Altun (2017), citing Taguchi’s AARR procedure, used a single group design with 11 undergraduates in Turkey and magazine articles from the British Council’s language learning website for eight sessions, presumably eight weeks. Altun used similar texts for pre and post-tests. Applying parametric analysis (paired samples t-test), Altun reported minor comprehension gains for 8 of the 11 students but no rate gains. Altun explained that the limited number of treatment sessions may have affected the results but made no mention of matching texts and students’ reading levels or overlap of the texts’ vocabulary, both of which could have affected the findings.

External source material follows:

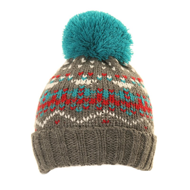 Boys pattern bobble hat with patterned design in grey from wholesale hat supplier SSP Hats

Thang and Ngoc (2020) applied Taguchi’s AARR procedure in a single group design with 23 Vietnamese undergraduates for 16 sessions over eight weeks, two per week, using TOEIC reading materials that matched the students’ levels using their TOEIC scores. Using parametric analysis (paired samples t-test), they found that reading rate (2 wpm) and comprehension significantly increased, but gains were negligible. Additionally, these results could have been negatively affected by TOEIC reading tests having little vocabulary overlap.

Research gap

In the decades since Samuels (1979) operationalized LaBerge and Samuels’ AT (1974) RR method and explained that it could be used with or without audio support, Anderson’s interpretation of UARR and Taguchi and his colleague’s interpretation of AARR, along with subsequent research, have generally produced significant yet incongruous results. Moreover, no investigation has explored and compared these two methods’ effects on increasing students’ reading rate gains in the course of one investigation. This study aims to address this crucial gap in the literature. It is hoped that by addressing this lacuna, the study may contribute valuable insights that can inform educators, policymakers, and researchers in the field of facilitating reading rate increases.

Methodology

To investigate and compare the effectiveness of Anderson’s interpretation of UARR and Taguchi and his colleague’s interpretation of AARR, an experimental research design was employed (Fig. 1). This included three hypotheses and relevant sub-hypotheses:

Fig. 1
figure 1

The research design flow of the study.

H1 UARR significantly affects students’ reading rate gains.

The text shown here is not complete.